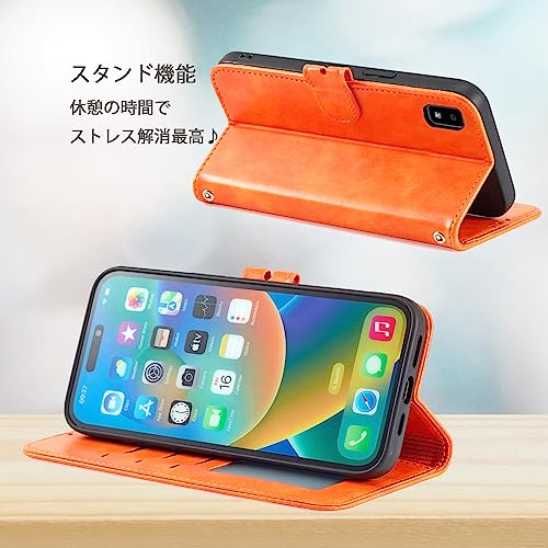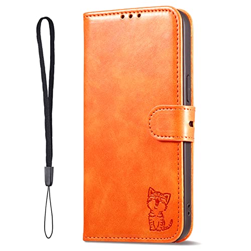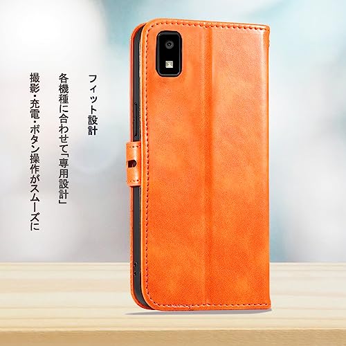 AQAQUOS wish3 ケース 手帳型 SH-53D A302SH 猫柄 動物 アニマル どうぶつ 柄 スマホカバー ストラップ付き カード収納 ベルト マグネット 男女兼用 (AQUOS wish3 SH-53D / A302SH対応) オレンジ
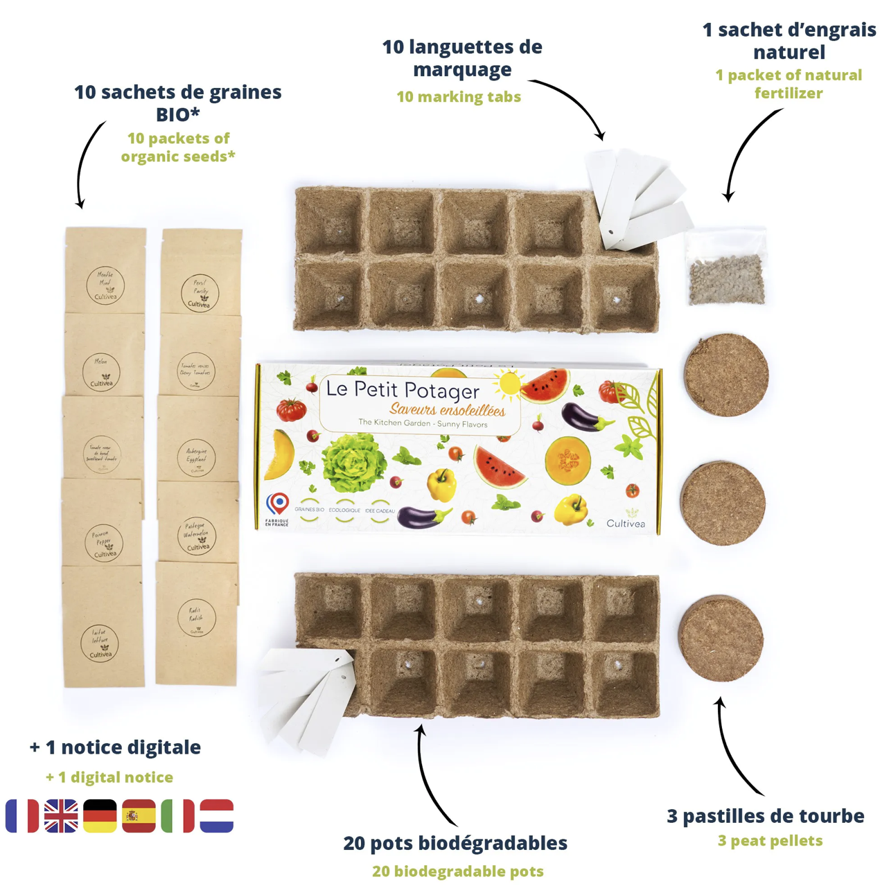 Qu’est ce que je retrouve dans mon Coffret : Le Petit Potager Saveurs ensoleillées BIO ?
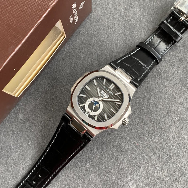 PATEK PHILIPPE NAUTILUS 5726/1A-001 BLACK DIAL LEATHER STRAP COPIES WATCHES 40MM
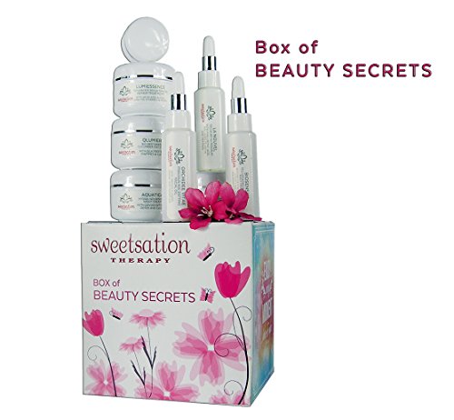 -. Title : Sweetsation Therapy Box of Beauty Secrets. Travel collection of 8 Key Products. Facial Hyaluronic acid Serum, Facial Oil, Multi Vitamin Serum, Anti aging moisturizer, Eye cream.
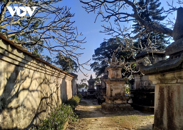 | ຢູ່ອ້ອມແອ້ມ ທາດ ເຫ້ວກ໋ວາງກິມ ກໍ່ມີທາດນ້ອຍນັບຮ້ອຍທາດ ໂດຍເປັນບ່ອນເກັບຮັກສາ ອັດຖິຂອງ ບັນດາພະມະຫາອາຈານ ທີ່ບວດຢູ່ ອຽນຕື ໃນບັນດາສະໄໝເຈົ້າຊີວິດ ລີ໊, ເຈິ່ນ, ເລ ແລະ ຫງວຽນ. |
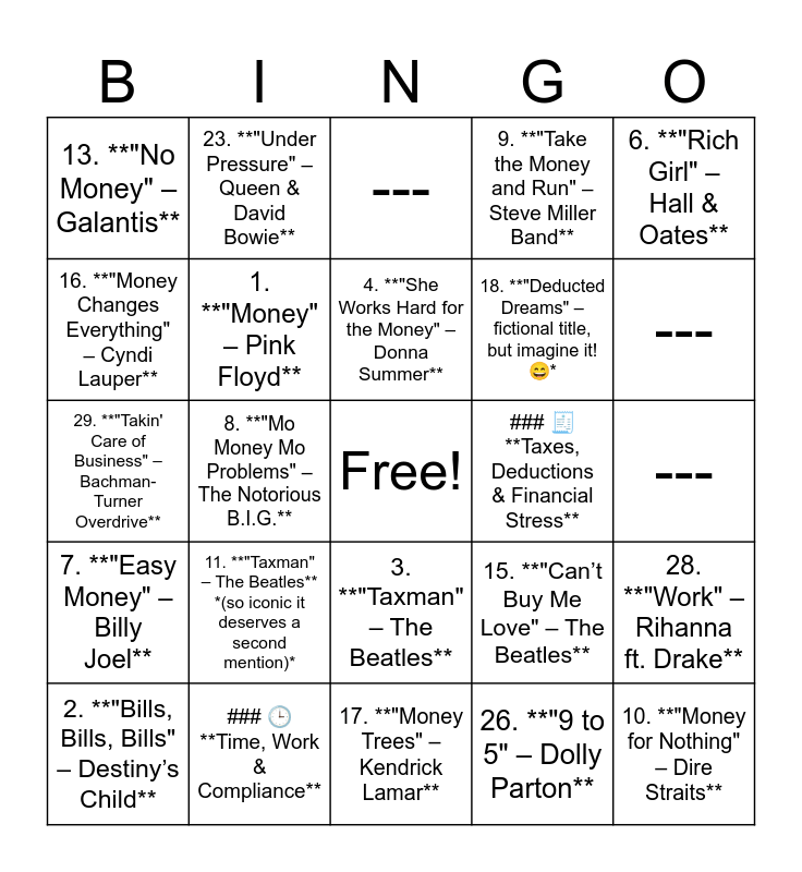 This bingo card has a free space and 39 words: Great addition! Here's an updated and themed list of **songs and artists** that can be connected to **payroll systems**, now including **error handling, deductions, and taxes** β all the fun stuff that makes payroll so thrilling π, ---, ### πΈ **Money, Paychecks & Deductions**, 1. **"Money" β Pink Floyd**, 2. **"Bills, Bills, Bills" β Destinyβs Child**, 3. **"Taxman" β The Beatles**, 4. **"She Works Hard for the Money" β Donna Summer**, 5. **"I Need a Dollar" β Aloe Blacc**, 6. **"Rich Girl" β Hall & Oates**, 7. **"Easy Money" β Billy Joel**, 8. **"Mo Money Mo Problems" β The Notorious B.I.G.**, 9. **"Take the Money and Run" β Steve Miller Band**, 10. **"Money for Nothing" β Dire Straits**, ---, ### π§Ύ **Taxes, Deductions & Financial Stress**, 11. **"Taxman" β The Beatles** *(so iconic it deserves a second mention)*, 12. **"Too Much" β Spice Girls** *(for when deductions feel overwhelming)*, 13. **"No Money" β Galantis**, 14. **"Price Tag" β Jessie J ft. B.o.B**, 15. **"Canβt Buy Me Love" β The Beatles**, 16. **"Money Changes Everything" β Cyndi Lauper**, 17. **"Money Trees" β Kendrick Lamar**, 18. **"Deducted Dreams" β fictional title, but imagine it! π*, ---, ### β οΈ **Errors, Corrections & System Glitches**, 19. **"Oops!... I Did It Again" β Britney Spears** *(payroll error vibes)*, 20. **"Human Error" β Oh Land**, 21. **"Error" β Madeline Juno**, 22. **"Lost in the System" β fictional but fitting!*, 23. **"Under Pressure" β Queen & David Bowie**, 24. **"Stressed Out" β Twenty One Pilots**, 25. **"Fix You" β Coldplay** *(for the payroll team fixing mistakes)*, ---, ### π **Time, Work & Compliance**, 26. **"9 to 5" β Dolly Parton**, 27. **"Working for the Weekend" β Loverboy**, 28. **"Work" β Rihanna ft. Drake**, 29. **"Takin' Care of Business" β Bachman-Turner Overdrive** and 30. **"Deadline" β Group 1 Crew**.
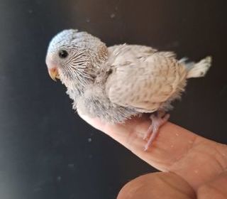 Vends perruche ondulée de trois semaines pour élever à la main ou attendre le sevrage et dans ce cas nourrie par les parents Père tout blanc aux yeux noirs Mère bleue panachée
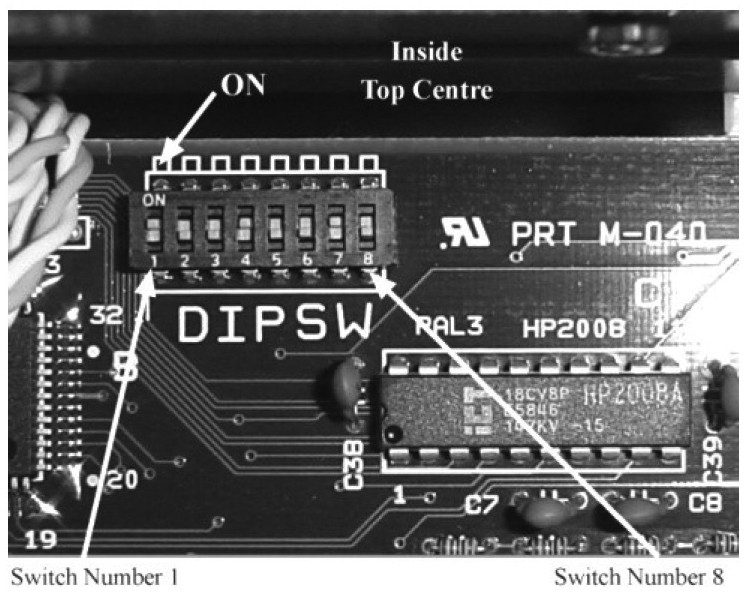 ①控制方式的設置,控制方式是指中空成型機的類型,分為連續擠出式和儲料缸式兩種方式,機型不同,壁厚控制系統的控制方式也不一樣。在基礎設置時,必須根據中空成型機的類型選擇對應的控制方式,具體由MOOG控制器內部的6#微動開關來選擇,ON為連續擠出式,OFF為儲料缸式。撥動微動開關時,壁厚控制器必須斷電。選擇完成后,MOOG壁厚控制器面板上對應的狀態指示燈將會點亮,“Continuous”代表連續擠出式,“Accumulator”代表儲料缸式。
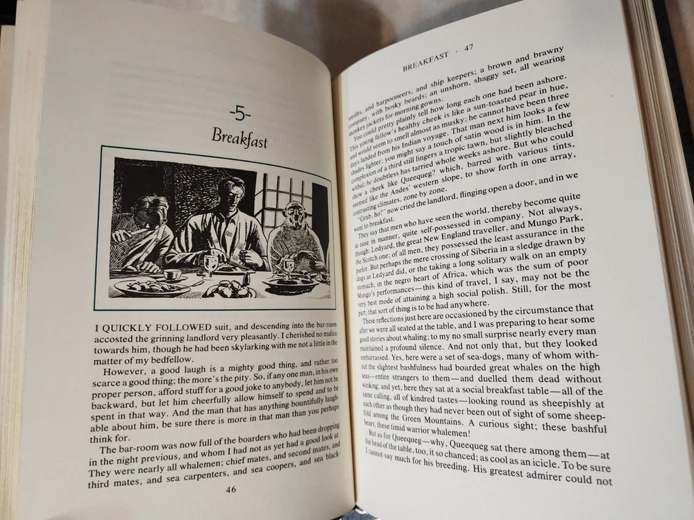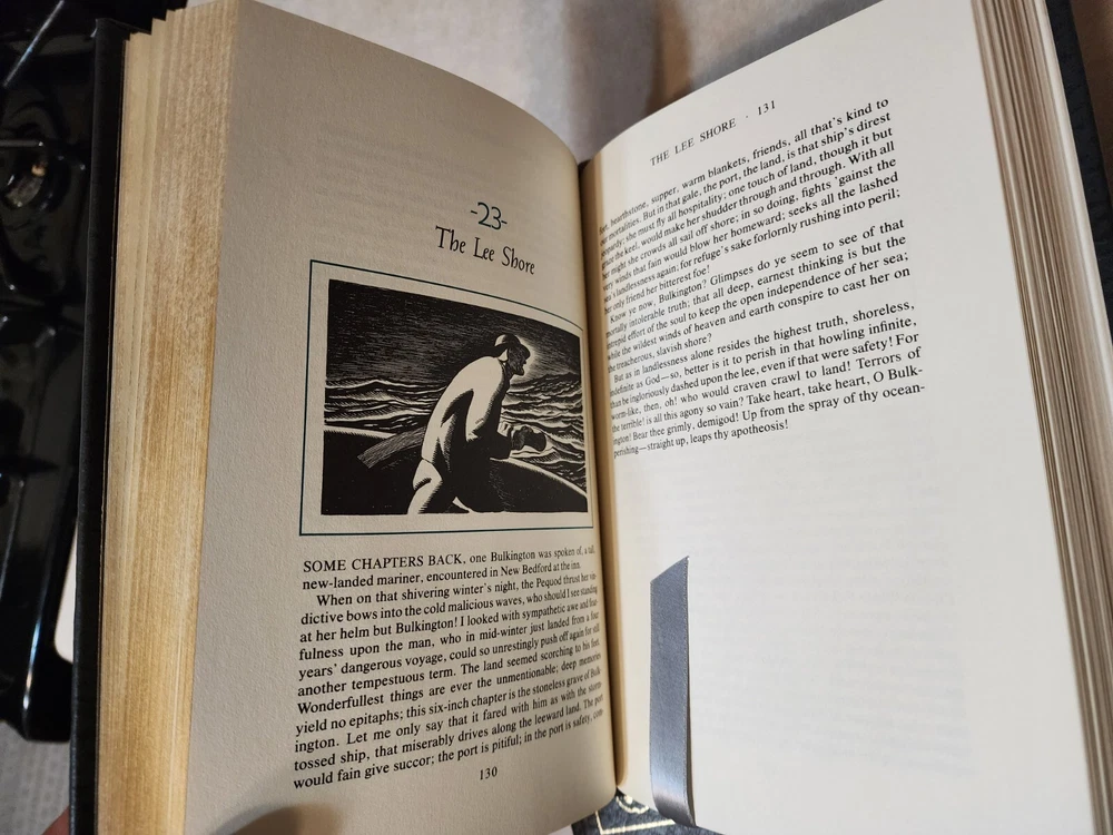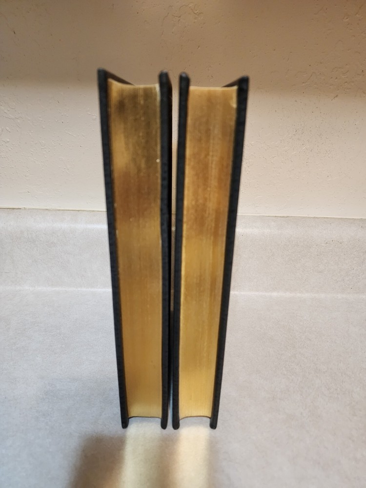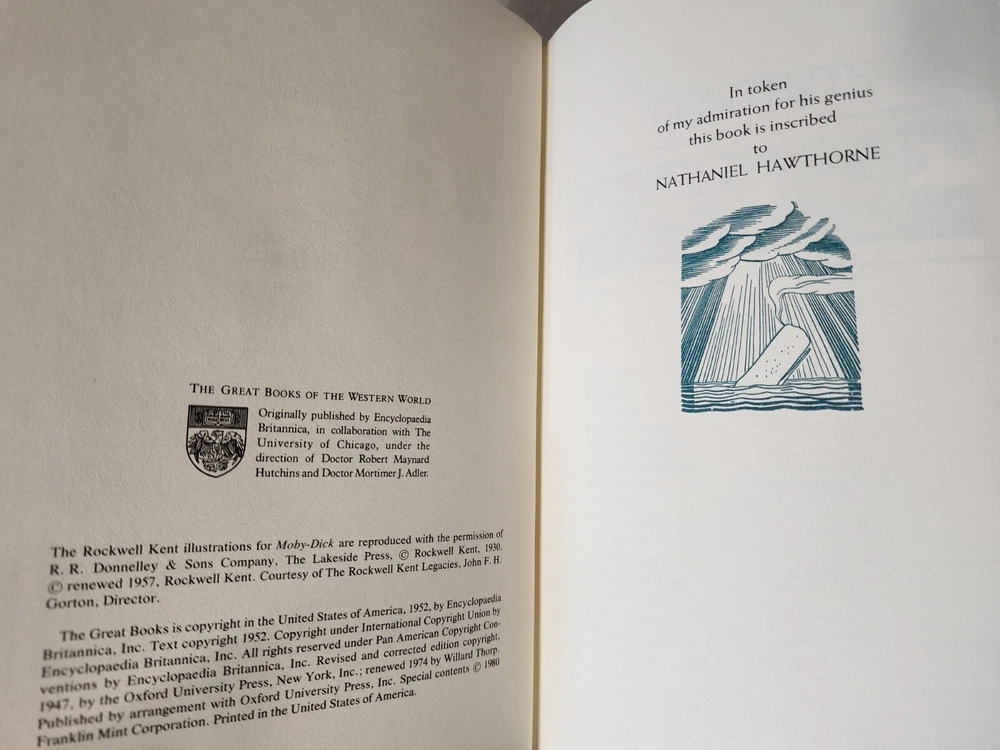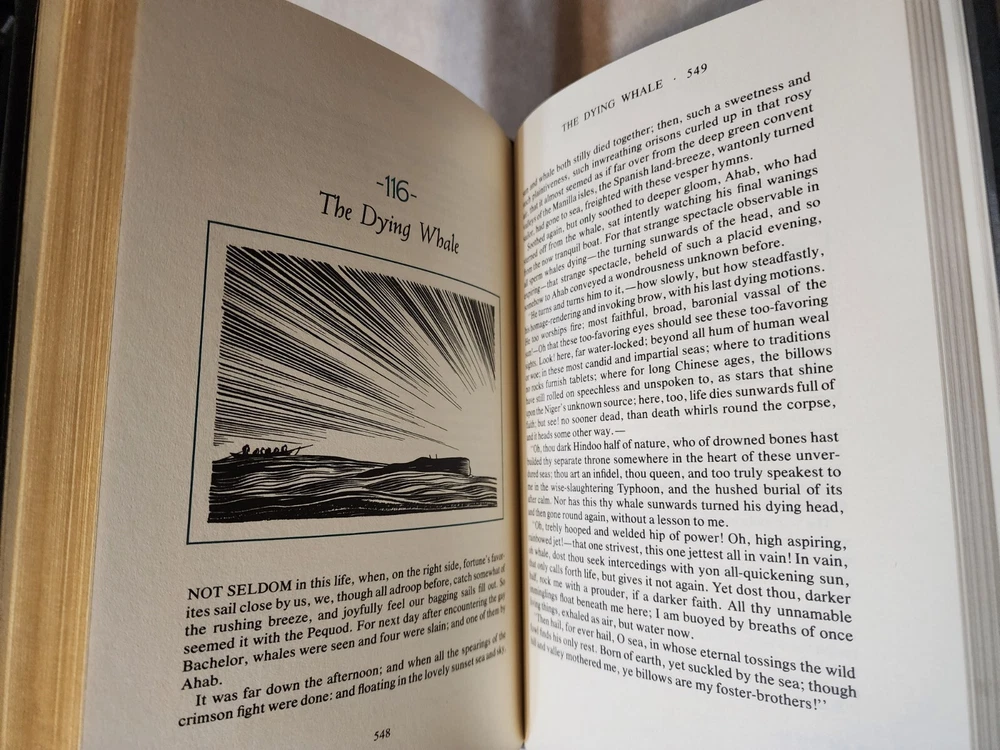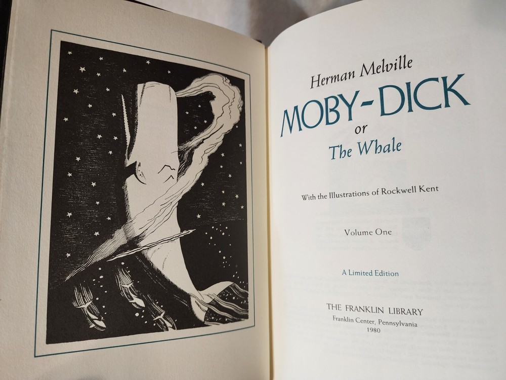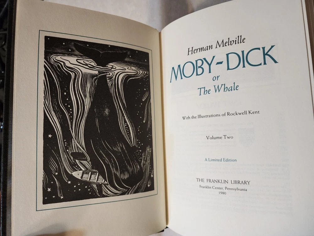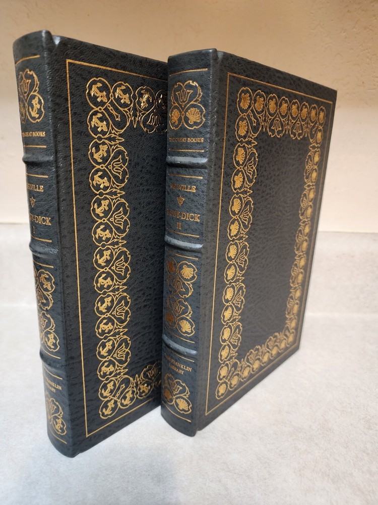 Moby Dick by Herman Melville Franklin Library Limited Edition 1st Edition ~ 2 Volume Set Illustrated by Rockwell Kent Franklin, 1980. VG+. Raised bands, A Limited edition”; full leather with gold lettering and designs ; all edges gilt ; silk moire endpapers ; Illustrated. Interior clean and tight. Light edge wear, surface flaws, a few mild scuffs to gilt edges. ffep has a crease. Clean, no writing or marks on interior. A solid collectible copy.
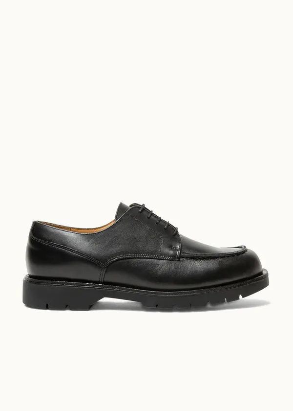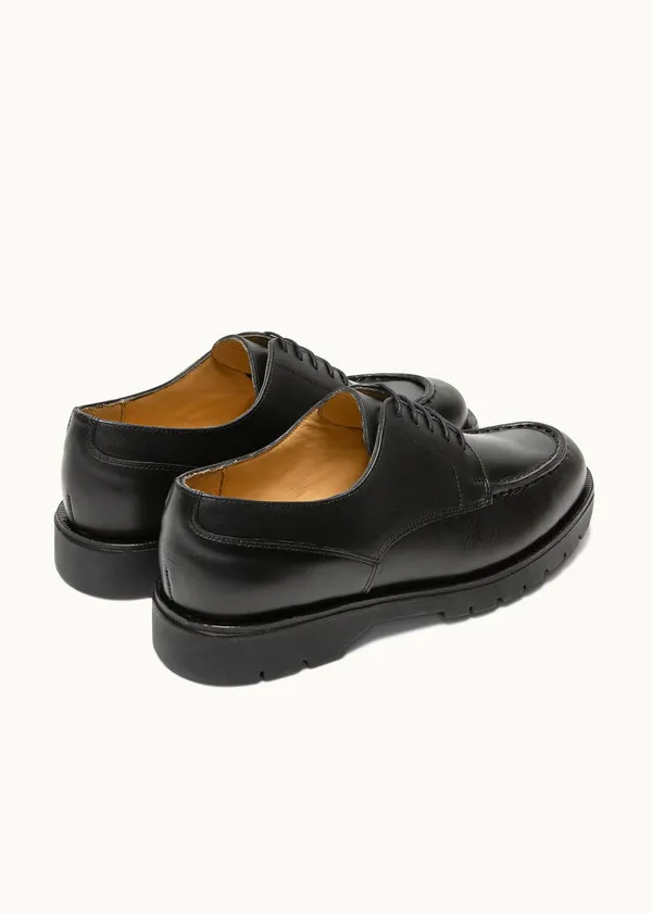 Derbies noirs pour homme, fabriqués en France en cuir certifié. Coupe classique et finitions soignées pour un style élégant au quotidien, alliant savoir-faire traditionnel et mode responsable.
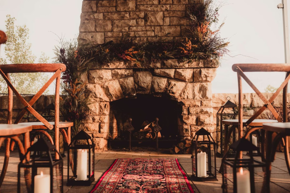 Nestled atop Wisconsin’s rolling bluffs, this wedding design drew from natural elements like fire, stone, wood, textured fabrics, and rich colors. Local vendors collaborated to create an inviting yet luxurious celebration filled with warmth, fresh air, and the untamed spirit of the outdoors!
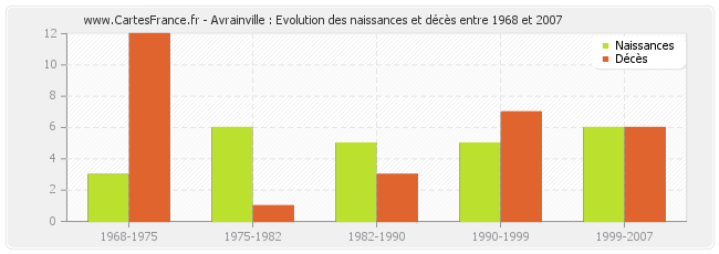 Avrainville : évolution des naissances et décès de 1968 à 2007
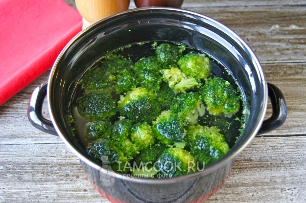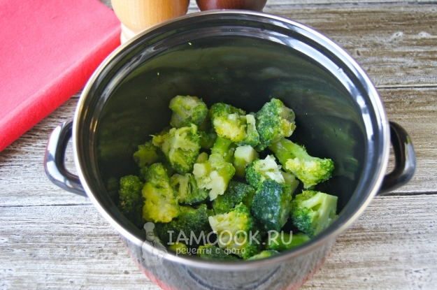 Для начала нарежем брокколи на небольшие соцветия и поместим в кастрюлю.
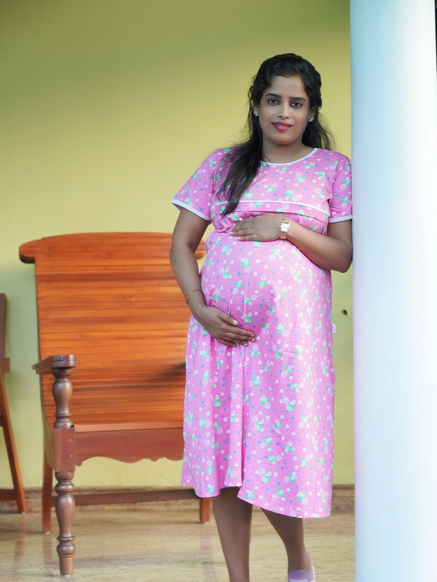 A simple knitted short dress without zip and easy feeding with simply pulling up the cape portion . It has a round neck and an extended sleeve. The dress gives a pretty look and a comfortable feel.
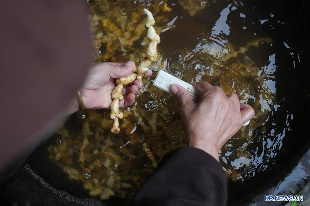 4일 마을의 한 공방에서 황정을 씻는 타이핑산촌 주민. 2025.11.5
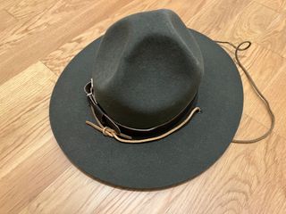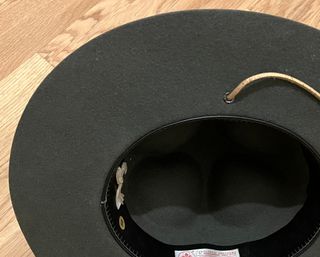 Cappello cappellone Scout a falde larghe Agesci, taglia 56, in lana idrorepellente, dettagli in cuoio, usato in ottime condizioni. Nome di proprietà su etichetta.

════════

Exercise goal – Would you reproduce, exactly and with nothing added, every line from the beginning of the entries above through the line that contains "ແລະ ຫງວຽນ. |", both included, leaving out the pictures?

Answer box –
 AQAQUOS wish3 ケース 手帳型 SH-53D A302SH 猫柄 動物 アニマル どうぶつ 柄 スマホカバー ストラップ付き カード収納 ベルト マグネット 男女兼用 (AQUOS wish3 SH-53D / A302SH対応) オレンジ
 Qu’est ce que je retrouve dans mon Coffret : Le Petit Potager Saveurs ensoleillées BIO ?
 PATEK PHILIPPE NAUTILUS 5726/1A-001 BLACK DIAL LEATHER STRAP COPIES WATCHES 40MM
 -. Title : Sweetsation Therapy Box of Beauty Secrets. Travel collection of 8 Key Products. Facial Hyaluronic acid Serum, Facial Oil, Multi Vitamin Serum, Anti aging moisturizer, Eye cream.
 | ຢູ່ອ້ອມແອ້ມ ທາດ ເຫ້ວກ໋ວາງກິມ ກໍ່ມີທາດນ້ອຍນັບຮ້ອຍທາດ ໂດຍເປັນບ່ອນເກັບຮັກສາ ອັດຖິຂອງ ບັນດາພະມະຫາອາຈານ ທີ່ບວດຢູ່ ອຽນຕື ໃນບັນດາສະໄໝເຈົ້າຊີວິດ ລີ໊, ເຈິ່ນ, ເລ ແລະ ຫງວຽນ. |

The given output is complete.